If actual spatial detail is required, spatial information is usually represented either by a square grid or a graph. While a grid-based approach has the advantage of being straightforward to implement and understand, it does tend to be computationally heavier. Which structure works best, however, ultimately often depends on the requirements of the model and the availability of data.

Fully theoretical models tend to use simple grid-based spatial structure (Silveira et al., 2006; Collins & Frydenlund, 2016; but see Naqvi & Rehm, 2014).
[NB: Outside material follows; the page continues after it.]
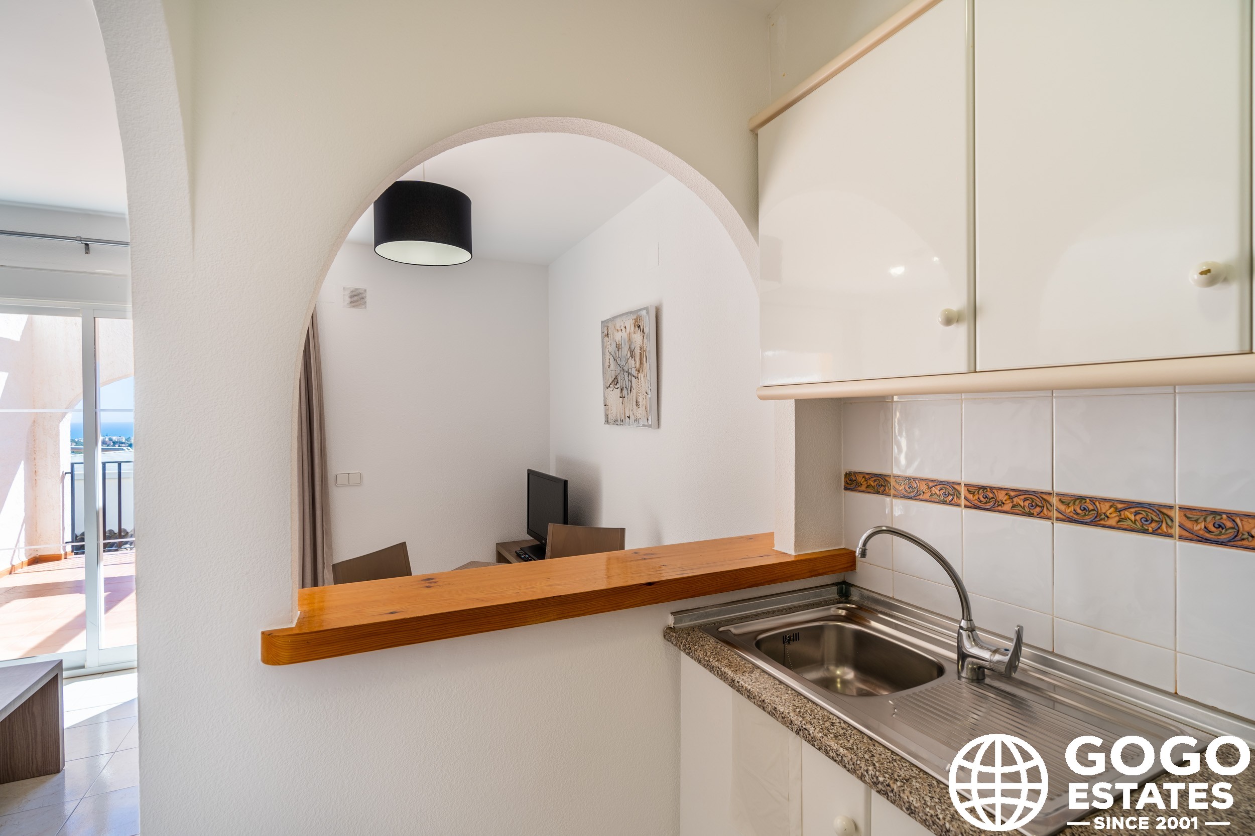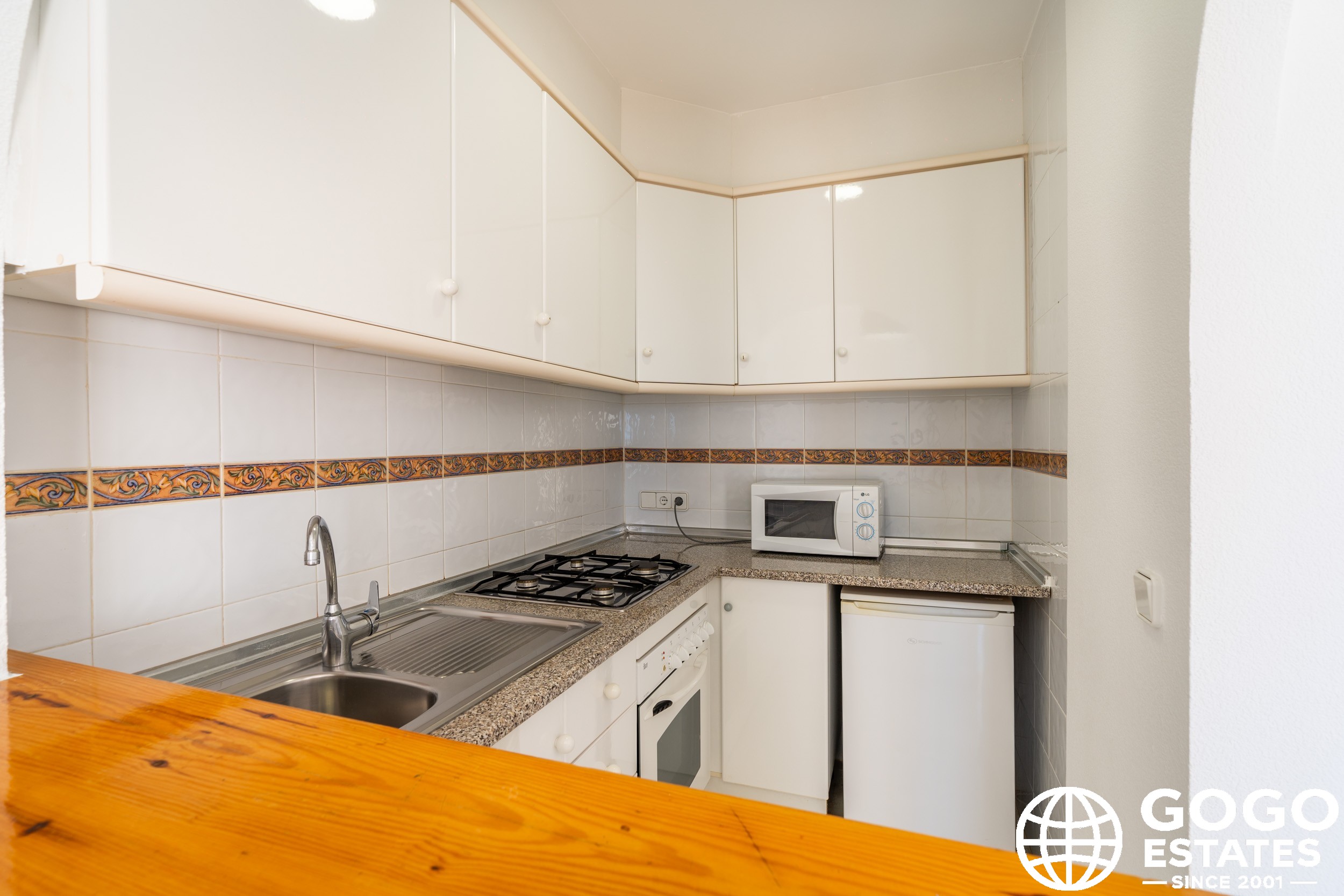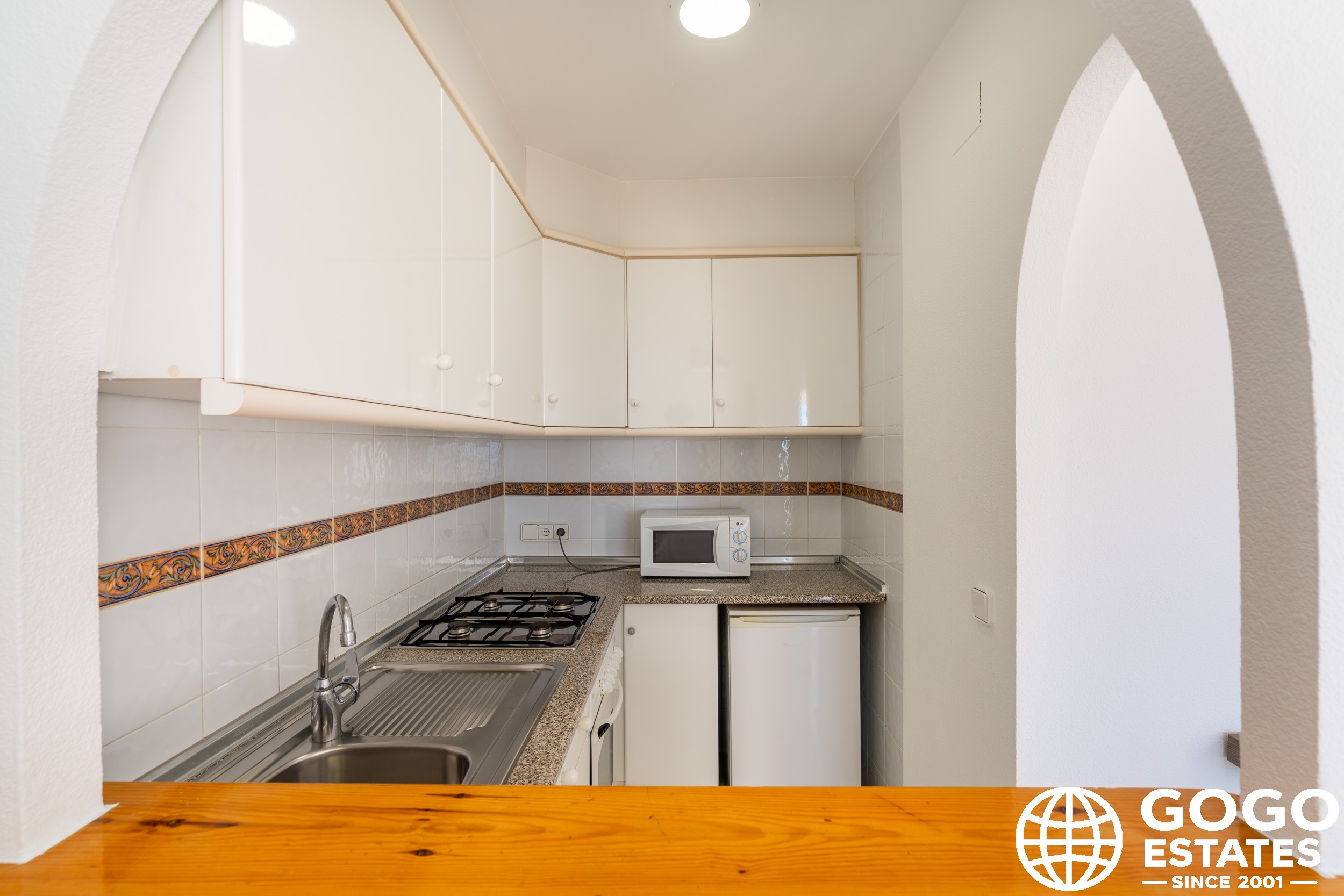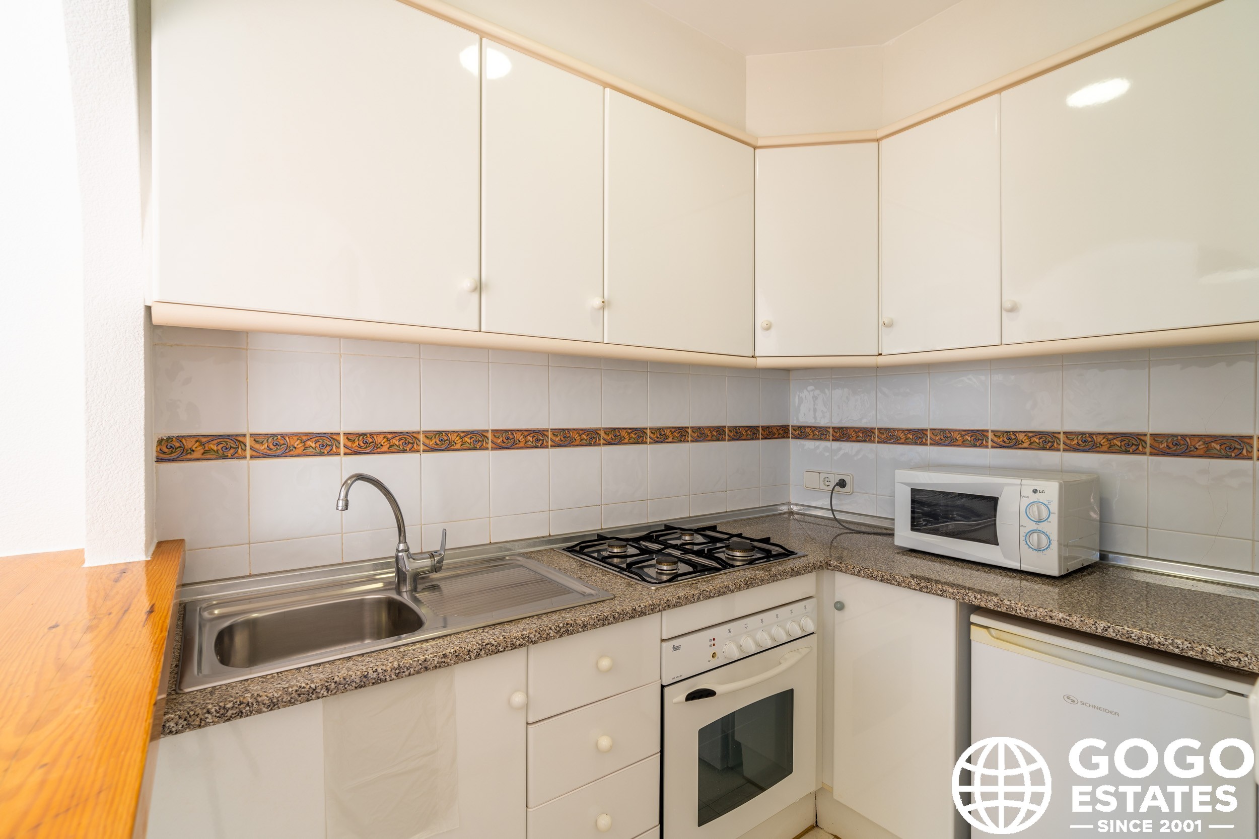 The apartment is part of a residential complex that provides access to landscaped common areas and a community pool. Additional features include air conditioning, built-in wardrobes, and ceramic flooring. The property is sold furnished and with appliances, ensuring a smooth transition to your new home.

Similarly, spatial models built to simulate a specific scenario but without using real-world geographical data (e.g. Sokolowski et al., 2014; Werth & Moss, 2007) will often resort to this solution for convenience. While Hailegiorgis et al. (2018) used detailed rasterised data for their model, most models employing real-world data seem to be built on much simpler graph structures representing networks of, for example, cities (Groen, 2016), districts (Hassani-Mahmooei & Parris, 2012), or even entire countries (Lin et al., 2016).

Finally, in some cases, a completely different approach is used. Naivinit et al. (2010) used a grid structure but with hexagonal instead of square cells. Similarly, although the description of their model is not very detailed, it appears that Frydenlund et al. (2018) did not implement a discretised spatial representation at all, but directly used polygonal data extracted from a geographical information system (GIS). For the Routes and Rumours model, the spatial structure of the simulated world is summarised in Box 3.2.

3.3 Decision-Making Mechanisms

Decision making is an essential part of most models of human migration, or indeed of most other forms of human behaviour (Klabunde & Willekens, 2016). However, which of the many different types of decisions involved a given model makes explicit varies, and is primarily a function of the question the model is used to answer.

Traditionally, modelling studies on migration were primarily invested in understanding under which conditions people decide to migrate and where they will go (Massey et al., 1993). Consequently, the two types of decisions most often included in migration models – agent-based or not – are first, whether to leave and migrate in the first place, and second, which destination to choose when migrating.

In a common type of model, the main focus lies on the conditions in the area or country of origin. In this case, migration is just one of several ways in which individuals can react to changes in local conditions, and the fate of migrants is usually not tracked beyond the decision to leave unless return migration is included (e.g. Entwisle et al., 2016). Examples of such models include Naivinit et al. (2010), Smajgl and Bohensky (2013) and Hailegiorgis et al. (2018).

Unless they are focused on a pair of countries or locations (such as the USA and Mexico, e.g. Klabunde, 2011 and Simon et al., 2016; or East and West Germany, Heiland, 2003), models that simulate the entire migration process usually include the decision to leave as well as a decision where to go. For models of internal migration this is often implemented as a detailed, spatially explicit choice of location (e.g. Frydenlund et al., 2018; Hébert et al., 2018; or Groen et al., 2020). In models of international migration, the decision is usually presented as a choice between different possible countries of destination (e.g. Reichlová, 2005 or Lin et al., 2016).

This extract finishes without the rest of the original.